A veces pienso que estoy encerrado en una jaula sin barrotes. Mis días se repiten como una espiral barata, cada día es el mismo círculo reoetitivo: levantarme, preparar el desayuno, revisar que Marta tome sus pastillas, salir a trabajar, volver, contar el dinero y frustrarme porque con lo poco que traigo no alcanza para absolutamente nada.

Esa noche, después de barrer los restos de la alcancía, me senté frente a la mesa con una libreta vieja, sumando gastos y restando ilusiones. Marta salió de su cuarto de nuevo, esta vez con una cobija y me la puso en los hombros sin decir nada y se sentó a mi lado.

—No me gusta verte así —dijo al fin después de algunos minutos de incómodo silencio.

—No es nada, abuela, no te preocupes. Solo estoy cansado. En la fonda hay cada vez más trabajo —respondí intentando no causar preocupación en ella.

—No me mientas, muchacho tonto. Lo que tienes no es cansancio, estás harto que es diferente —ante sus palabras me quedé callado. —No tienes que cargar conmigo, Elias. Podrías vivir tu vida, buscar algo mejor lejos de aquí. Yo ya viví lo que tenía que vivir. Si abres las alas tendrás una vida más tranquila y sin tanto peso —su discurso se clavó en mí como daga en el corazón.
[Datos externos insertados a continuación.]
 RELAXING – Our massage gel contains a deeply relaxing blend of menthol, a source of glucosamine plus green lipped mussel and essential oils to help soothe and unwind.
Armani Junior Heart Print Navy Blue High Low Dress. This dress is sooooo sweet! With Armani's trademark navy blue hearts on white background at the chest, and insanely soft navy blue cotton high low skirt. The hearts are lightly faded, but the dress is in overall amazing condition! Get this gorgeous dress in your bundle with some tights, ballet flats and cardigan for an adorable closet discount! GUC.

En ese momento le tomé la mano.
—No digas eso, por favor. No me lo vuelvas a decir nunca más.

—Eres joven, hijo. No naciste para vivir contando monedas rotas.

—Tú me criaste. No voy a dejarte ni ahora ni nunca, aunque lo único que pueda hacer por ambos sea tan solo esto, aunque te de solo miseria siempre estaremos juntos.
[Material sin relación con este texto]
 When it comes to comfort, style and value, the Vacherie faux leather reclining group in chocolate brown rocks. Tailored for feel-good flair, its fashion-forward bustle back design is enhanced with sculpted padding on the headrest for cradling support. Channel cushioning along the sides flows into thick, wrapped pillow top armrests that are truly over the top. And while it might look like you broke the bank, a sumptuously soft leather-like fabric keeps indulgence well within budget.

Ella me miró con los ojos brillosos y cristalinos. —Tu madre te dejó, pero tú me has dado el lugar en tu corazón que ella no quiso ocupar, y eso… eso para mí vale más que cualquier trabajo o cualquier cosa que puedas darme.
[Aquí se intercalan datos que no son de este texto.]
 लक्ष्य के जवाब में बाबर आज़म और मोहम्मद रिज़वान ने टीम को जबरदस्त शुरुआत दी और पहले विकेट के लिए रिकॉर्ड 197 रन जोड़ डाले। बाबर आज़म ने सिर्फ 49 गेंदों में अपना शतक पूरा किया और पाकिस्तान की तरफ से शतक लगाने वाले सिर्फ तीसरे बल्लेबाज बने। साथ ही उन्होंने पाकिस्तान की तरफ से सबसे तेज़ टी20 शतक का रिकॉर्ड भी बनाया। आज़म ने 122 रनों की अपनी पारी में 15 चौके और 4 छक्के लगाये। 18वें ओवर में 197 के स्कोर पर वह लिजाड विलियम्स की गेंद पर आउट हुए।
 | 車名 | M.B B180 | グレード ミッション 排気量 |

A la mañana siguiente me levanté antes de que el sol saliera. Fui por los periódicos al puesto de la esquina. El señor que atiende ya me reconoce; me hace un pequeño descuento porque dice que le doy lástima. A veces creo que tiene razón, hasta los vecinos perciben mi precaria situación.

Volví a casa y con un café en mano, hojeé los clasificados en la mesa de la cocina mientras Marta dormía. Nada nuevo. “Se busca ayudante general con experiencia”, “Guardia de seguridad con certificado vigente”, “Auxiliar contable con licenciatura”. Como si todos nacieran sabiendo.

Pasé las páginas hasta que un recuadro me detuvo. Estaba entre anuncios de cursos de inglés y préstamos inmediatos.

SE SOLICITA AMANTE.
Hombre atractivo, entre 25 y 35 años.
Discreto, mente abierta.
Horario flexible. Excelente paga.
Comisión por servicios especiales.
Comunicarse al número XXXXXXX.

Leí el anuncio tres veces. Creí que era una broma. Sonreí con burla, negando con la cabeza.

—Qué enfermo —murmuré.

Pero la voz interna que tengo, esa que no calla cuando estoy en el límite, me dijo algo distinto: “No tienes nada que perder.”